- _TASK DIRECTIONS_
Please repeat exactly the lines below from the line with "Kann Spuren von" to the line with "Masażer do twarzy", including both, and leave out every picture.

- _RECORDS TO USE_
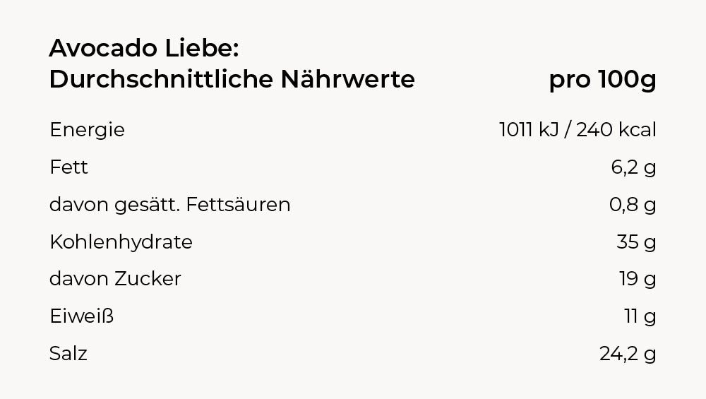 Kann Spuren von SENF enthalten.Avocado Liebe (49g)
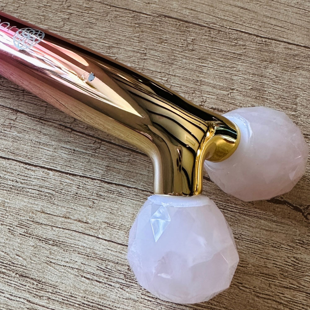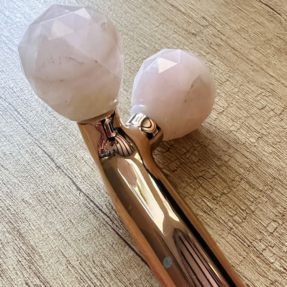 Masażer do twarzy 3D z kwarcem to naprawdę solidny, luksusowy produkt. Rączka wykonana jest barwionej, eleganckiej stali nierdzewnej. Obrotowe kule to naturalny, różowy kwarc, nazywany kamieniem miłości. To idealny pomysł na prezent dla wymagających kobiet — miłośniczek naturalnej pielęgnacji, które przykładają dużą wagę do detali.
==
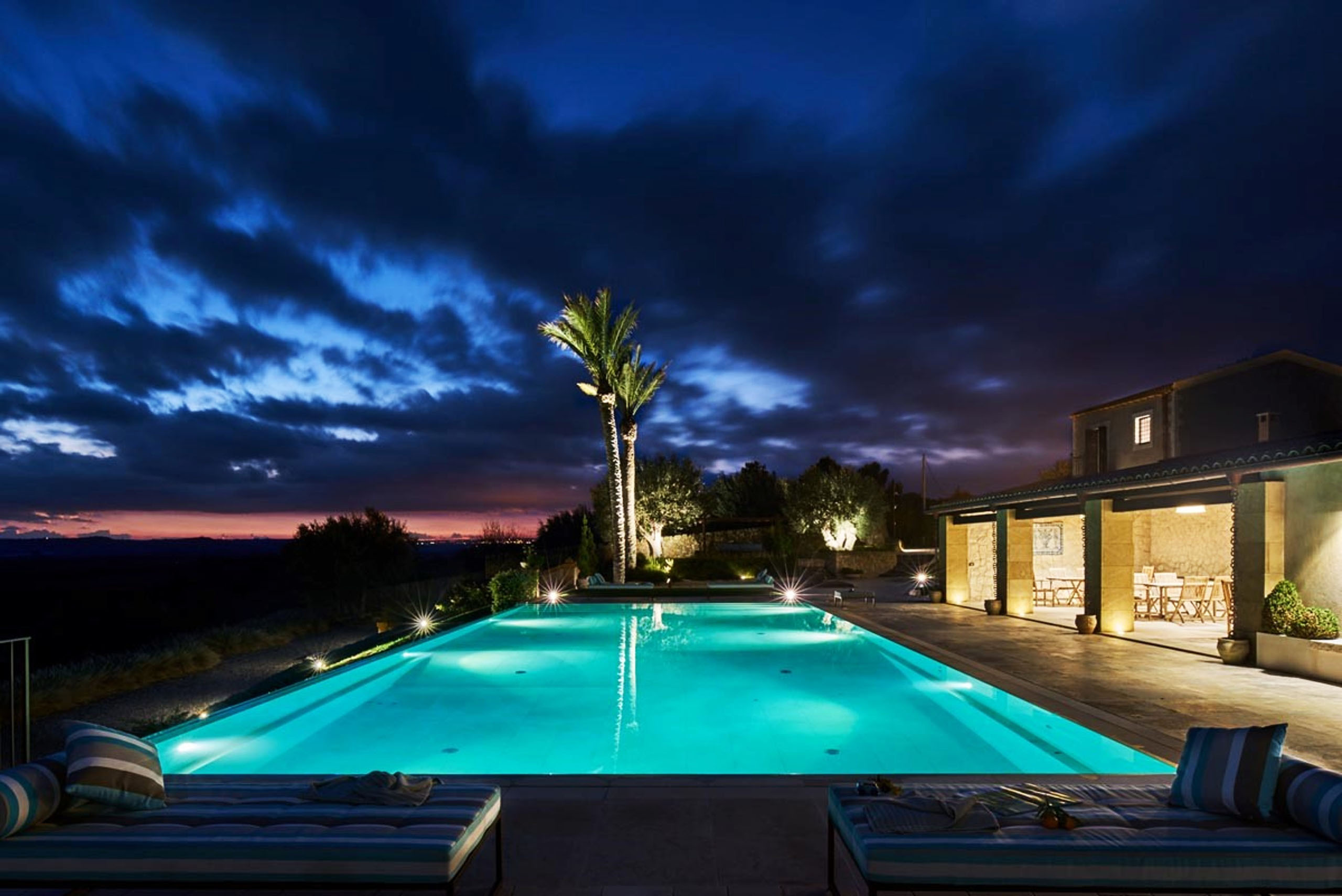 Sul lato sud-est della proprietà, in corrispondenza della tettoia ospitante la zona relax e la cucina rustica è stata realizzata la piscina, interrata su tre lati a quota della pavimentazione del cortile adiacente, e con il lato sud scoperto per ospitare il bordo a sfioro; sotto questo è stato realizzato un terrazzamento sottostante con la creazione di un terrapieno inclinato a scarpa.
--
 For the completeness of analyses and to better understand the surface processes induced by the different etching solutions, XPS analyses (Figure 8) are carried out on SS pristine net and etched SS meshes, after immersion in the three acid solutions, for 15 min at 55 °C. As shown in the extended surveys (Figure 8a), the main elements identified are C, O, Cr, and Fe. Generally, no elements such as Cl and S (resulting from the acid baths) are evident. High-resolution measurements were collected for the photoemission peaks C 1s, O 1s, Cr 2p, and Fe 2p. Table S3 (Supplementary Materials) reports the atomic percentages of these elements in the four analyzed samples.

- _COMPLETED EXERCISE_
 Kann Spuren von SENF enthalten.Avocado Liebe (49g)
 Masażer do twarzy 3D z kwarcem to naprawdę solidny, luksusowy produkt. Rączka wykonana jest barwionej, eleganckiej stali nierdzewnej. Obrotowe kule to naturalny, różowy kwarc, nazywany kamieniem miłości. To idealny pomysł na prezent dla wymagających kobiet — miłośniczek naturalnej pielęgnacji, które przykładają dużą wagę do detali.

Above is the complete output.